# Sucker Fishing



## truk (Jan 17, 2005)

Suckers; AKA "poor mans salmon":yikes:


----------



## fish fanatic jr. (Feb 18, 2004)

I'm getting excited to hopefully baseball doesnt cut into the run that much. I leave extra line/tag off the swivel and attach weight to that so when it snags off goes the weight and get my rig back. red, blue, green, yellow sponge works great.


----------



## big_phish (Jan 1, 2009)

Little Roober said:


> Egg flies or sponge works really well. No re-baiting at all. My go-to is red during the day, yellow at night.


 
Ditto on the sponge, I remember the first year I was in Omer fishing. My brother and I had bought us a dozen crawlers to use only to find out that the suckers were going through them like crazy. There was a guy up by the parking lot in town selling sponge out of his van. We bought a pack for a buck (expensive for a few pieces of sponge) and never looked back. They're cheap and very effective. I haven't been up there in a few years but if I were to go back, I'd make a stop at my local meijers and stock up on the sponge.
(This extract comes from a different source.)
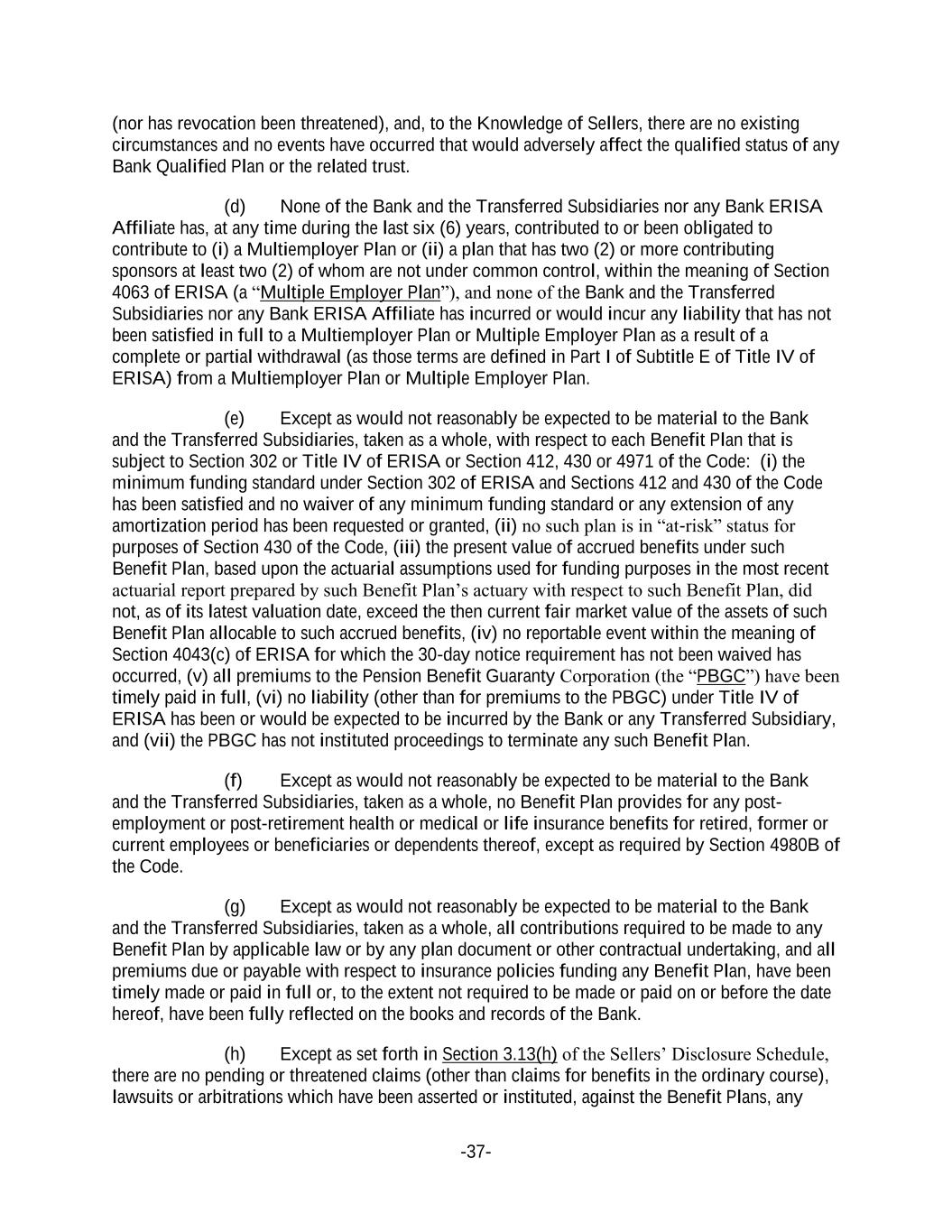 -37- (nor has revocation been threatened), and, to the Knowledge of Sellers, there are no existing circumstances and no events have occurred that would adversely affect the qualified status of any Bank Qualified Plan or the related trust. (d) None of the Bank and the Transferred Subsidiaries nor any Bank ERISA Affiliate has, at any time during the last six (6) years, contributed to or been obligated to contribute to (i) a Multiemployer Plan or (ii) a plan that has two (2) or more contributing sponsors at least two (2) of whom are not under common control, within the meaning of Section 4063 of ERISA (a “Multiple Employer Plan”), and none of the Bank and the Transferred Subsidiaries nor any Bank ERISA Affiliate has incurred or would incur any liability that has not been satisfied in full to a Multiemployer Plan or Multiple Employer Plan as a result of a complete or partial withdrawal (as those terms are defined in Part I of Subtitle E of Title IV of ERISA) from a Multiemployer Plan or Multiple Employer Plan. (e) Except as would not reasonably be expected to be material to the Bank and the Transferred Subsidiaries, taken as a whole, with respect to each Benefit Plan that is subject to Section 302 or Title IV of ERISA or Section 412, 430 or 4971 of the Code: (i) the minimum funding standard under Section 302 of ERISA and Sections 412 and 430 of the Code has been satisfied and no waiver of any minimum funding standard or any extension of any amortization period has been requested or granted, (ii) no such plan is in “at-risk” status for purposes of Section 430 of the Code, (iii) the present value of accrued benefits under such Benefit Plan, based upon the actuarial assumptions used for funding purposes in the most recent actuarial report prepared by such Benefit Plan’s actuary with respect to such Benefit Plan, did not, as of its latest valuation date, exceed the then current fair market value of the assets of such Benefit Plan allocable to such accrued benefits, (iv) no reportable event within the meaning of Section 4043(c) of ERISA for which the 30-day notice requirement has not been waived has occurred, (v) all premiums to the Pension Benefit Guaranty Corporation (the “PBGC”) have been timely paid in full, (vi) no liability (other than for premiums to the PBGC) under Title IV of ERISA has been or would be expected to be incurred by the Bank or any Transferred Subsidiary, and (vii) the PBGC has not instituted proceedings to terminate any such Benefit Plan. (f) Except as would not reasonably be expected to be material to the Bank and the Transferred Subsidiaries, taken as a whole, no Benefit Plan provides for any post- employment or post-retirement health or medical or life insurance benefits for retired, former or current employees or beneficiaries or dependents thereof, except as required by Section 4980B of the Code. (g) Except as would not reasonably be expected to be material to the Bank and the Transferred Subsidiaries, taken as a whole, all contributions required to be made to any Benefit Plan by applicable law or by any plan document or other contractual undertaking, and all premiums due or payable with respect to insurance policies funding any Benefit Plan, have been timely made or paid in full or, to the extent not required to be made or paid on or before the date hereof, have been fully reflected on the books and records of the Bank. (h) Except as set forth in Section 3.13(h) of the Sellers’ Disclosure Schedule, there are no pending or threatened claims (other than claims for benefits in the ordinary course), lawsuits or arbitrations which have been asserted or instituted, against the Benefit Plans, any

Every now and then, you'll get a steelhead that will mistaken your piece of sponge for an egg fly. That's a nice bonus.


----------



## bucknduck (Nov 7, 2003)

I was in Omer last Friday and the river was sending ice downstream. I'm predicting 2 weeks at most. I might hit the river sometime next week midweek and report back.


----------



## youngslayer (Oct 27, 2008)

I caught a lot in the Clinton River the past 2 days! Night crawlers and slip sinkers.


----------